This morning I came across this site on Hacker News. It's a cute site with some basic tips on how to make your sites faster.
It's very much a for-beginners document as all the tips are quite basic. For example it doesn't even mention the use of CDNs.
One tip in particular stood out to me: "it can be useful to minify your HTML with automated tools."
And it links to the htmlcompressor project. Ignore this advice.
What matters 10 times more is Gzip compression. This is usually very easy to set up with Nginx or Apache. It's not something you do in your web framework and if you don't have a web framework, you don't need to manully Gzip HTML files on the filesystem.
For example, downloading the home page here on my blog, at the time of writing, this is: 66,770 bytes big. Hefty, sure, but with all excess whitespace removed it reduces down to 59,356 bytes. But that really doesn't matter when you Gzip.
Gzipped from original version: 18,470 bytes
Gzipped from whitespace trimmed version: 18,086 bytes
The gain is 2% which is definitely not worth the hassle of adding a whitespace compressor.
Comments
Ah you really made a post about it! :D
Well a purist could argue that if you know about the waste: prevent it!
For the browser itself there is no need for the whitespace and xml can be indented automatically to your very taste locally when you want to edit it.

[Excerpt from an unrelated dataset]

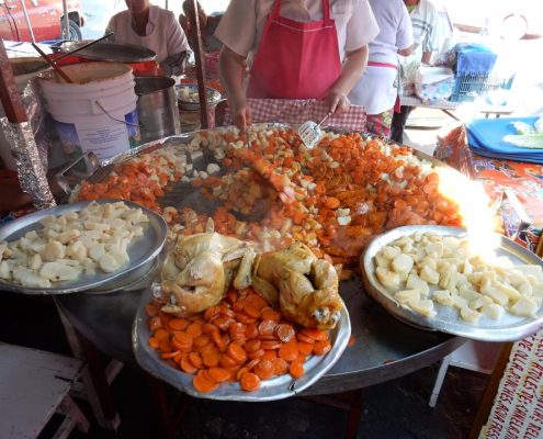 The main market in Patzcuaro was our very first visit to a real Mexican market, something neither of us had experienced before. It took up an entire city block and was absolutely fascinating with stand after stand filled with mountains of all manner of fruits and vegetables. We walked past huge stacks of delicious Mangos, Bananas, Granadillas and all manner of other exotic fruits that set our mouths watering. The plan was to simply take a quick look around but before long we had several bags filled with the yummiest offerings in our hands. On all sides, one could hear the vendors vying for the attention of fickle customers. Often, we were offered tastes of the wares when we tarried a little too long at a particular stand. It is definitely not the ideal place for sufferers of claustrophobia as the market is so full of people one couldn’t help but be jostled and bumped in the narrow paths, or be forced to squeeze through a crowd of people. It also felt as though we were lost in some kind of labyrinth with one path leading to the next and in no time all orientation was gone without a clue as to where we were, or how to leave. No bother though, you can walk through the market for hours simply observing all the different offerings because finding just about everything for sale one could imagine. After the fruit and vegetables, we arrived in the dried section and were greeted by mountains of all manner of dried beans, colorful spices and naturally a variety of chilies you could imagine – after all we were in Mexico. Outside the roof of the stalls were mainly tarpaulin to protect from the sun and rain, but there was also an inside to the market where along with clothing you could find every type of kitchenware imaginable and last but not least a huge meat section, which incidentally we passed through as quickly as possible trying not to breath. Though the smell was quite strong and unappetizing it was nevertheless still interesting to walk through. From half a cow, chickens, pigs’ feet and intestines every part of the animal was for sale either hanging from a hook or lying uncooled in the heat of the afternoon. The smell of decomposing meat was so strong we wondered who in their right mind would buy such meat. Loads of people appeared not to be in their right minds as evident in the long lines of customers waiting to buy meat who apparently didn’t seem to mind the smell at all. For us however, it was all a bit too suspect and decided to continue with our vegetarian dishes until we could find meat that was properly cooled, hygienically stored and neutral smelling. In another section of the market were the cooked food stands are, one could buy a very reasonably priced if not cheap lunch, though after passing through the meat section you would have to have no fear of food poisoning or be a local to eat there. In huge pans (think massive woks) all manner of dishes were being prepared mostly consisting of a mixture of meat, potatoes and vegetables and offered with stacks of the ever present corn tortillas. It looked and smelled very appetizing but we simply didn’t trust the meat and decided instead to limit ourselves to observing and taking photos.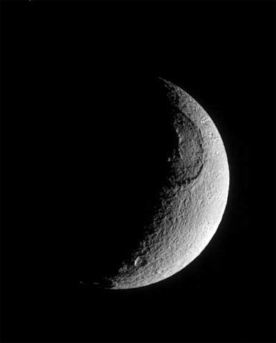 North on Tethys is up in this view. The lit portion of Tethys seen here is on the moon's leading hemisphere as it orbits Saturn.

Even gzipped this saves about 4mb traffic on 10000 pageloads...
I read people arguing against SEO-style-readable-urls being a tremendous waste counted on a large scale ;]
So why stop there? You're already doing stuff WAY beyond most of the web devs! And I think thats awesome!! :]
for big sites 2% is a lot tho. i'm surprise the diff is so big.
How do you estimate all this stuffs? (I mean with ur old posts fancy-cache, ...) Can u post steps or tutorial? Thank you
How does this sound?
Pages are quantized into packets. If that 2% happens to tip you over a TCP packet boundary, you've saved 1 RTT.